# Holes in my Grass and beds



## captstoots (Apr 12, 2019)

Finding these holes in my yard and mulched. Beds. They seem too small for moles and there's no lumps in the yard. Any ideas? I am in Virginia Beach if it matters.. thanks!


----------



## FlaDave (Jul 10, 2018)

I'm thinking armadillo


----------



## HungrySoutherner (May 29, 2018)

rabbits, chipmunks....pick your favorite furry woodland creature.


----------



## captstoots (Apr 12, 2019)

Anything I can do to stop them or kill them. They seem much too small for a rabbit, I guess maybe a chipmunk?


----------



## wafflesngravy (Apr 8, 2019)

I only know 2 ways that work. My father sticks a hose on the end of his riding lawn mower and gases em out, my neighbor sits on his porch with a shot gun waiting for them to pop up.


----------



## RDZed (Jul 13, 2018)

Are you near a body of water? Pond? Lake? River? If so, its probably a turtle. I get dozens of them around the yard in summer. Usually a clutch of 4-8 eggs per.


----------



## captstoots (Apr 12, 2019)

I am near the Chesapeake Bay, on a creek where there are tons of turtles. I have never seen one other than in the water however...


----------



## HungrySoutherner (May 29, 2018)

Chipmunks do that in my lawn, acorns and pecans fall from the trees and get burried or they bury them and then later they start digging them up.


----------



## RDZed (Jul 13, 2018)

captstoots said:


> I am near the Chesapeake Bay, on a creek where there are tons of turtles. I have never seen one other than in the water however...

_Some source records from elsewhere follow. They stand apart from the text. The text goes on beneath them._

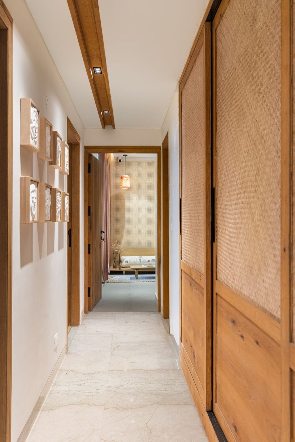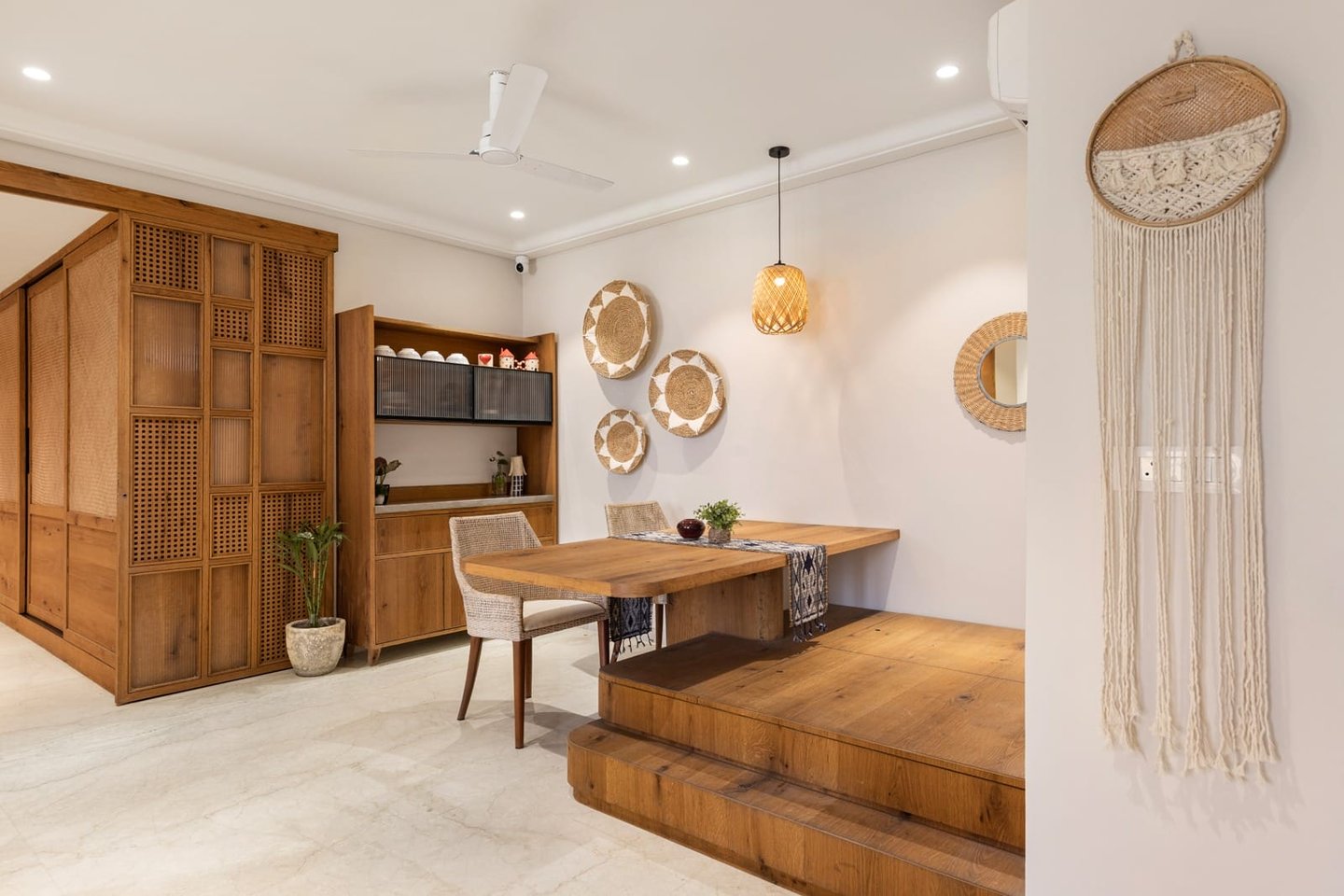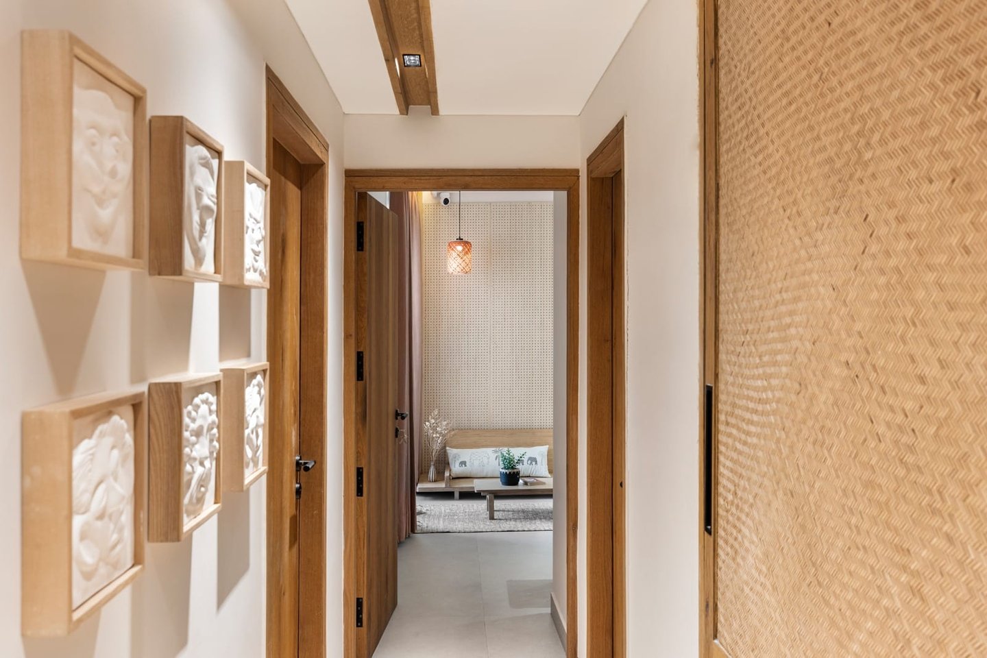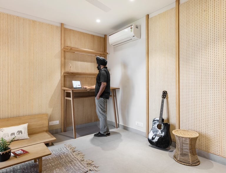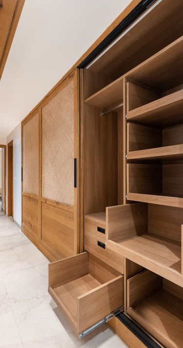 Apartment Kanso is situated in Mohali, Punjab, embodies the journey from a standard apartment to a warm, personalized home. This project draws inspiration from calm minimalism and earthy colour tones, integrating natural textures like rattan, cane, and wood with soft beige and off-white hues to create a serene, clutter-free environment.
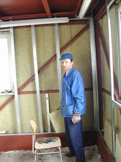příprava antény Naše základna v celé své kráse Toník montuje lišty pro přichycení sádrokartonu Milan izoluje stěny aby nám tam bylo teplo
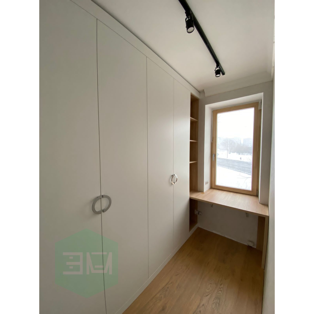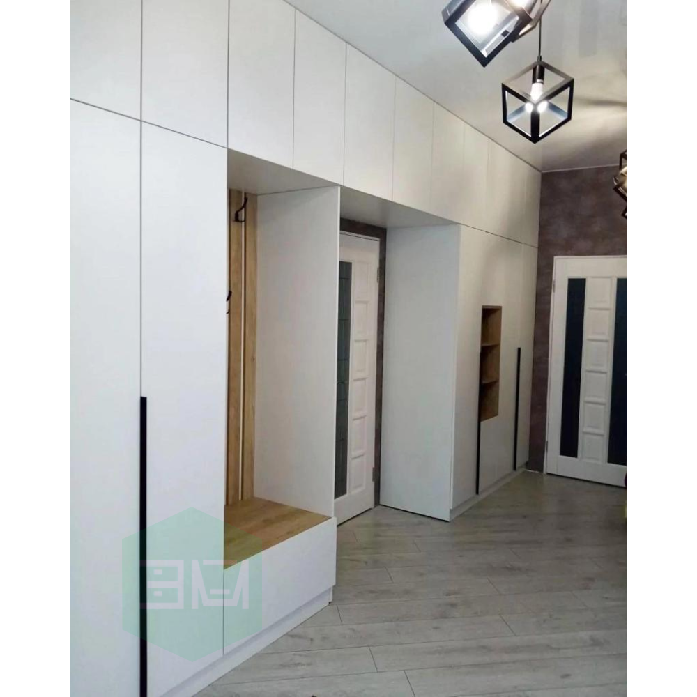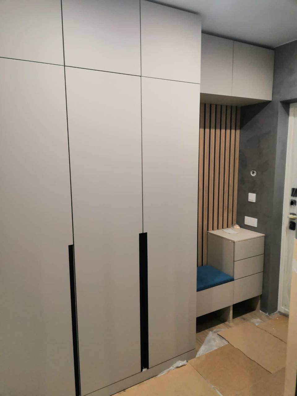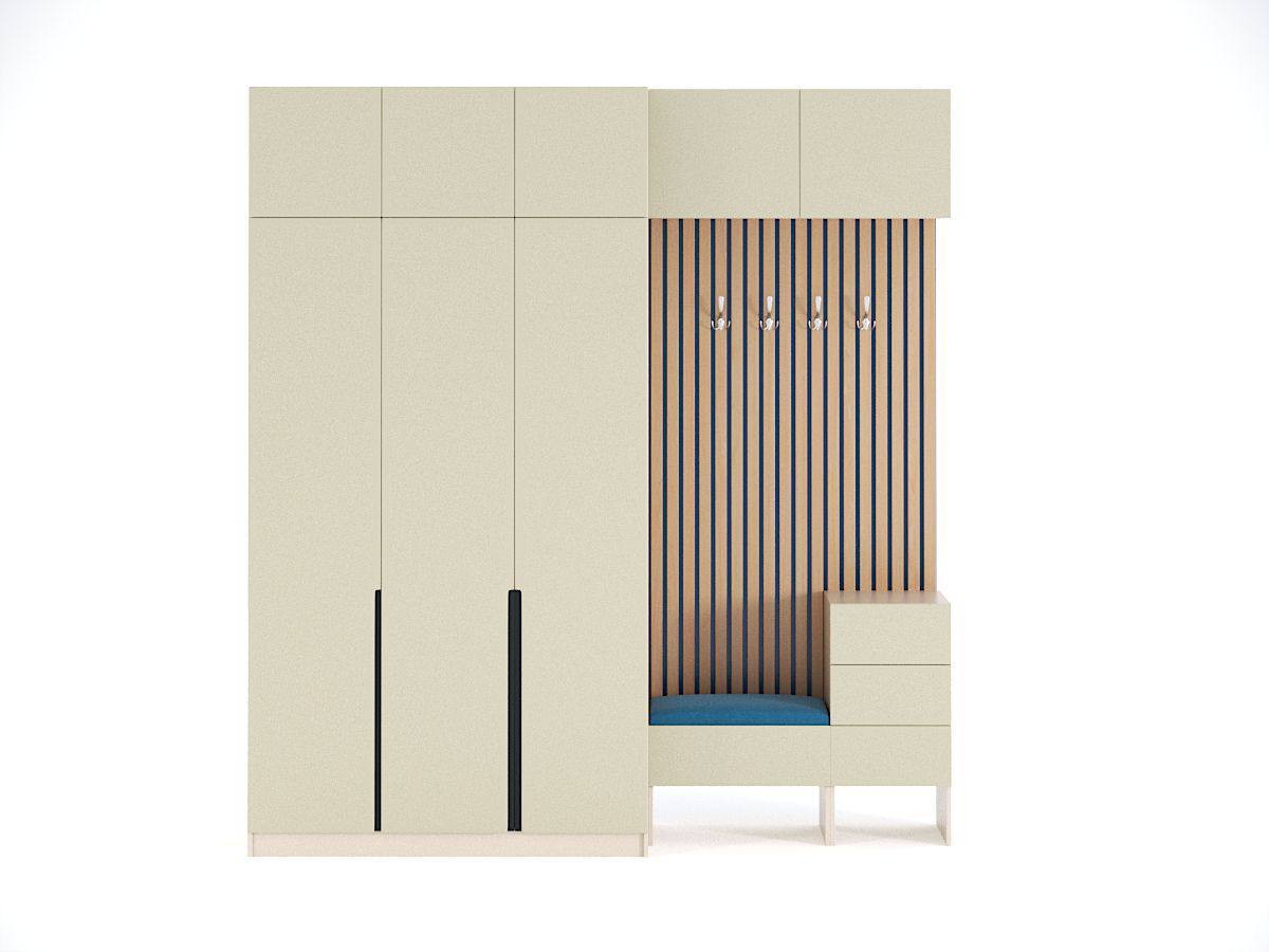Прихожая. Размер: 2390*2500*600. Корпус ЛДСП сатин. Кромка 2 мм. Фасад МДФ сантьяго. Рейки ЛДСП вяз натуральный благородный. Щит за рейками королевский синий. Штанги металл+тройник+крестовина. Ручки на больших фасадах. Открытие пуф, антресоли - пуш клик. Направляющие на ящиках 100% GTV. Петли с доводчиками. Пуф ткань вельвета люкс 54 (адилет) |
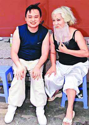 對于自己這個白衣長老的造型,薛家燕說:“本來不用粘這些胡子的,但我覺得粘上去會逼真很多,而且效果也很明顯,不過粘了上去以后你會覺得很辛苦,特別是這么熱的天氣!彪m然只是合作了幾天,但薛家燕對孔慶翔依然是贊不絕口,“他雖然是新人,但是我覺得他的演出已經(jīng)是很專業(yè)和投入,他很努力,每天的對白都背得很熟。其實在這部電影里,我們不需要他有特別的演出,只要做本能的演出就可以了,例如你們剛才看到的,召喚飛鳥來救我他只需在旁邊鼓掌就行了,而那些動作武打戲份就讓我和恬妞去分擔,我希望大家可以給點時間讓他去磨練!毖已鄬λ难莩龃蛄艘粋80分,欠缺的20分她認為應該是外界看了這部片以后給的。
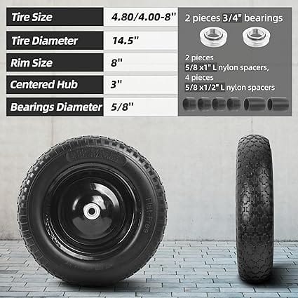 Be the first to review “AR-PRO 4.80/4.00-8″ Flat Free Tire – 14.5”D x 3.2”W Universal Solid Wheelbarrow Tire with 3” Hub and 5/8” Bearings – Extra Adapter kit includes 3/4” Ball Bearings, 1” and 1/2” Nylon Spacers” Cancel reply
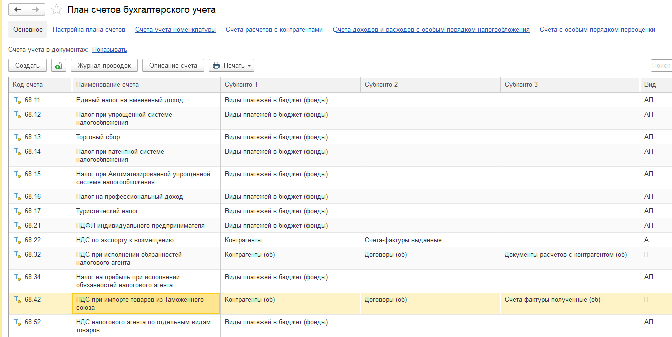 Как видим, аналитика счетов 68.32 и 68.42 отличается от остальных налогов.
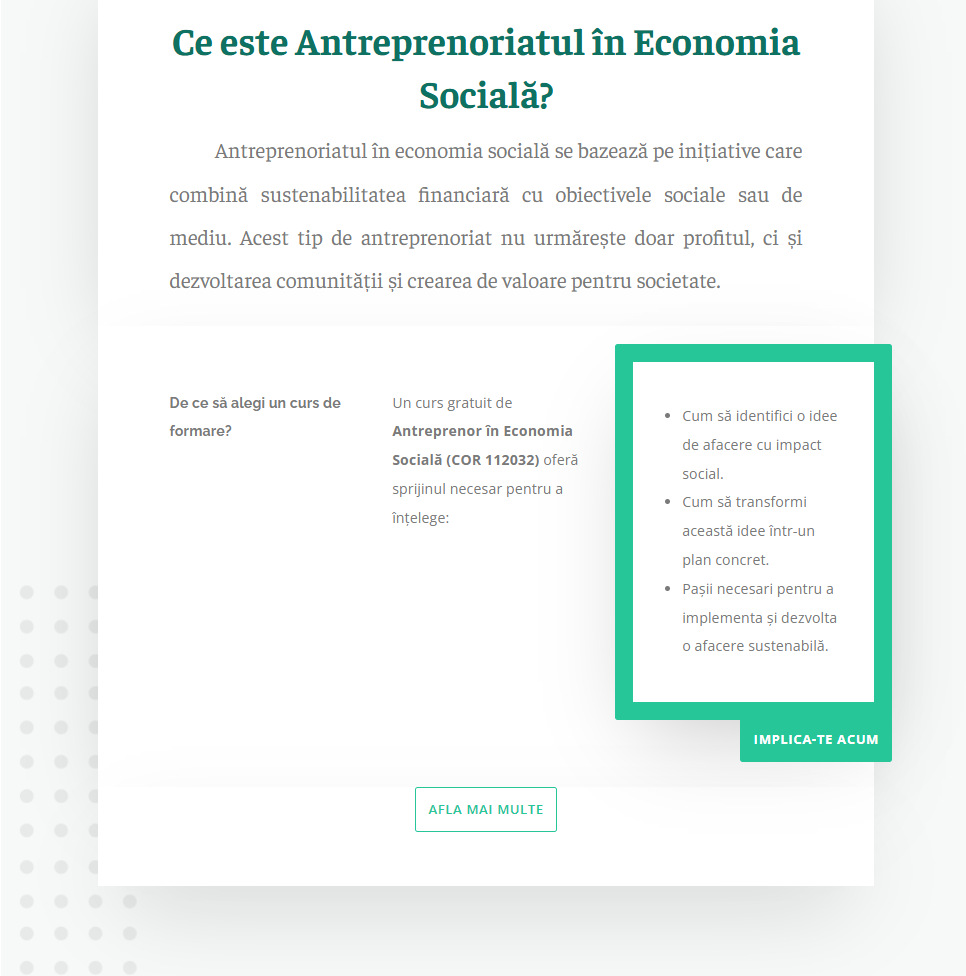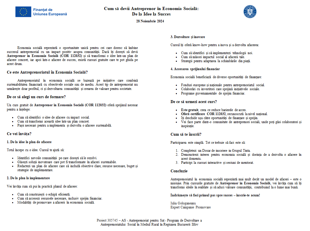 Economia socială reprezintă o oportunitate unică pentru cei care doresc să îmbine succesul antreprenorial cu un impact pozitiv asupra comunității. Dacă îți dorești să devii Antreprenor în Economia Socială (COR 112032) și să transformi o idee într-un plan de afacere concret, iar apoi într-o afacere de succes, există cursuri gratuite care te pot ghida pe acest drum.
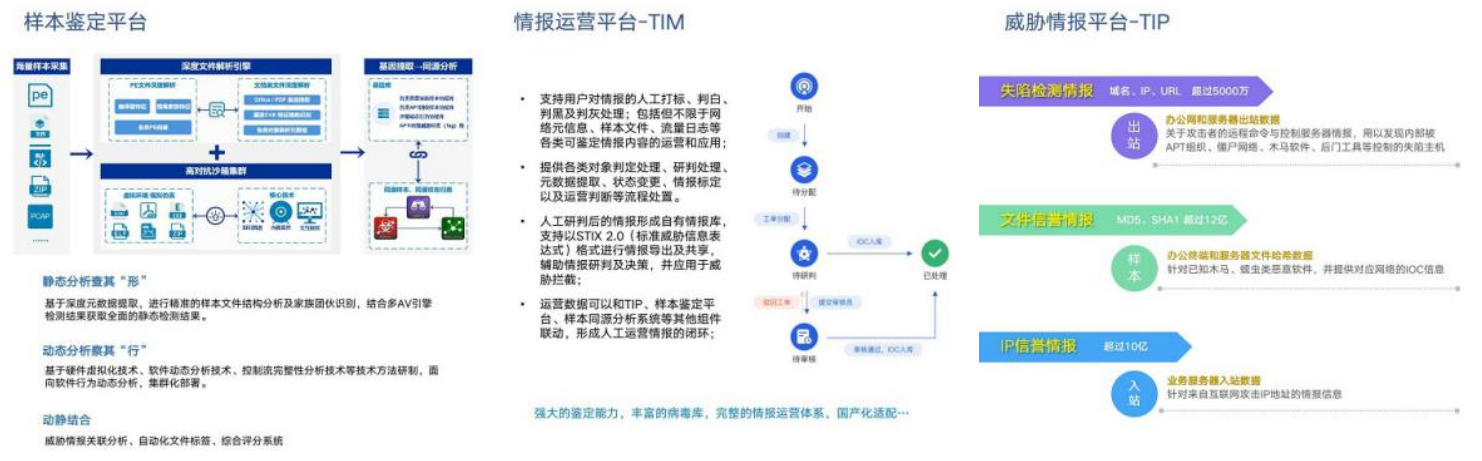 基于高對抗文件樣本分析、RAS樣本分析檢測引擎、APT家族關聯分析、惡意代碼同源性分析、內生情報數據驅動的情報生產運營及消費等技術,提供威脅研判、攻擊定性、黑客畫像以及威脅持續跟蹤等多維度的威脅情報數據和分析應用服務,實現更加高效便捷的情報處理和運營能力,及時響應突發威脅及高級威脅,快速分析威脅事件、遏制重大風險,為各類客戶提供一體化情報自生產服務。
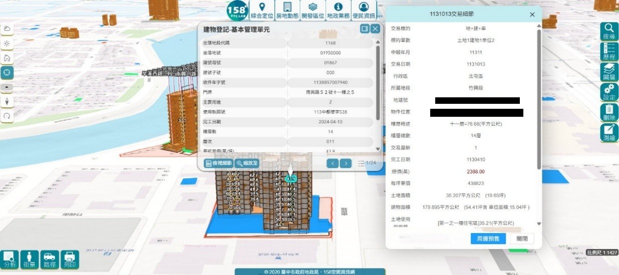 地政局長曾國鈞指出,過去市民查詢實價登錄或產權資訊時,僅能依賴2D平面圖資,面對高樓大廈或結構複雜的建物時,往往難以精確想像空間位置,現在透過158PLUS空間資訊網,市民只需輕點螢幕,即可透過立體視角查看特定樓層的面積、產權範圍及實價登錄資訊,落實「所見即所得」的資訊透明化環境。
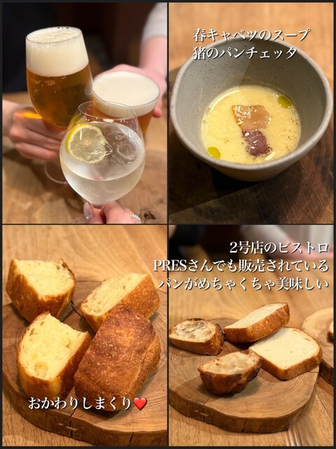 パンも自家製で毎日数種類を焼き上げ、カジュアルにフレンチのお料理とワインやビールをお楽しみください。ナチュールワインやこだわりビールも豊富にご用意いたしております。
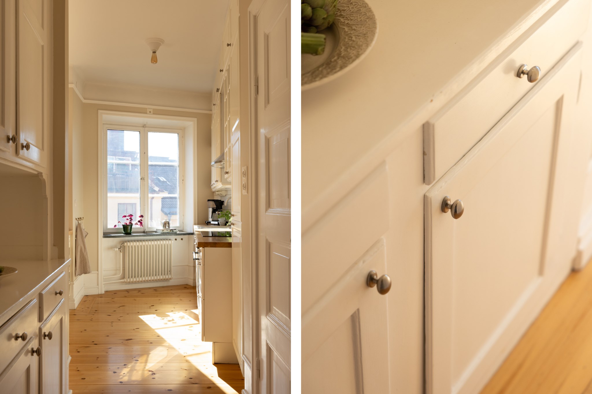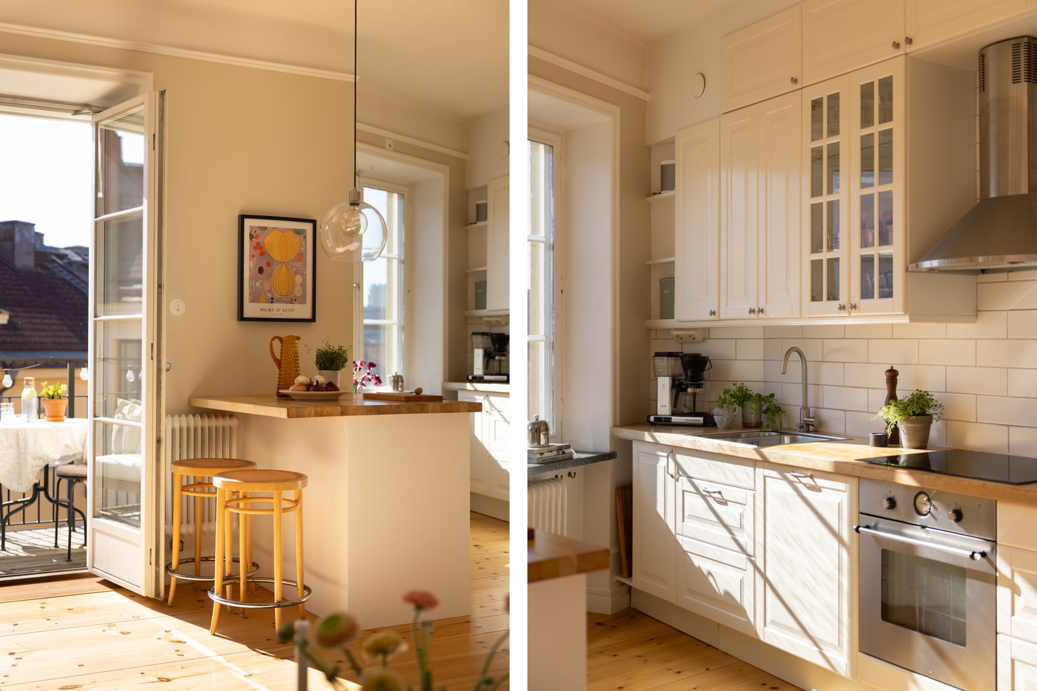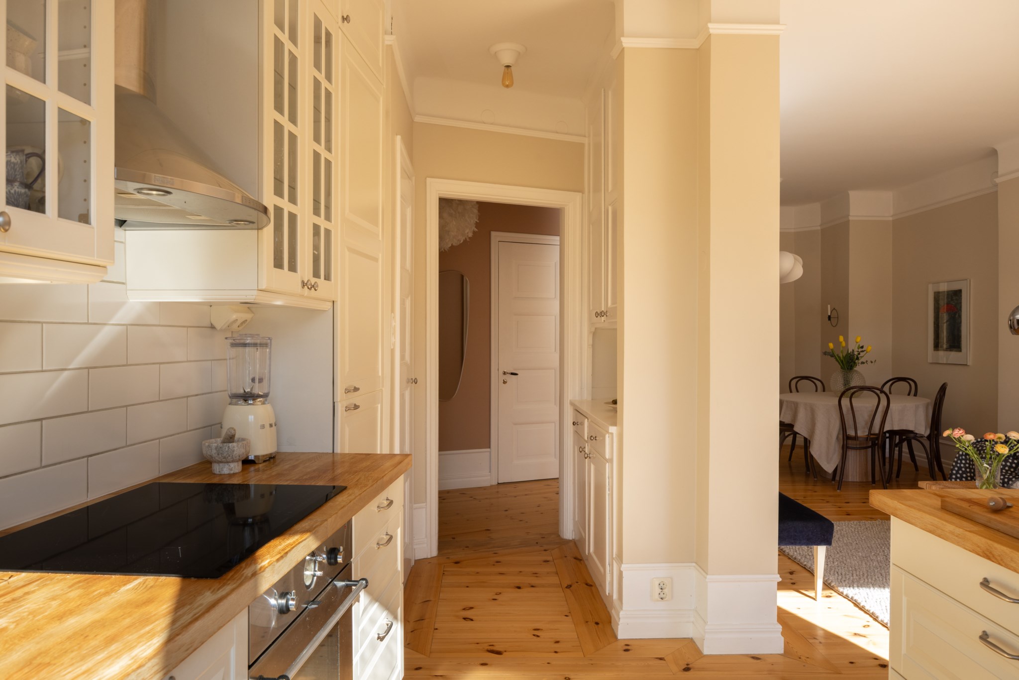 Modernt kök med smakfulla materialval bestående av ljusa köksluckor och bänkskiva i trä med stänkskydd ovan i vitt. Den maskinella utrustningen består av diskho, spis, ugn, köksfläkt, diskmaskin samt kyl och frys. Tidlösa ytskikt bestående av ljusa väggar i en beige nyans och ljust trägolv.

Just throwing it out there.

I live 40' away from the appomattox river so I get every kind of turtle possible depositing eggs in my yard. Also get predators digging them up a few days later.


----------



## Philly_Gunner (Apr 23, 2019)

Are you seeing lots of frogs or black crickets in your yard right now?


----------



## Dawgvet (Jul 2, 2019)

I would go along with squirrels or chipmunks.


----------



## captstoots (Apr 12, 2019)

Haven't seen frogs or black crickets, or turtles. Tons of squirrels but the hole look too small for them to be the culprit


----------



## ktgrok (May 25, 2019)

agree it looks like armadillo damage


----------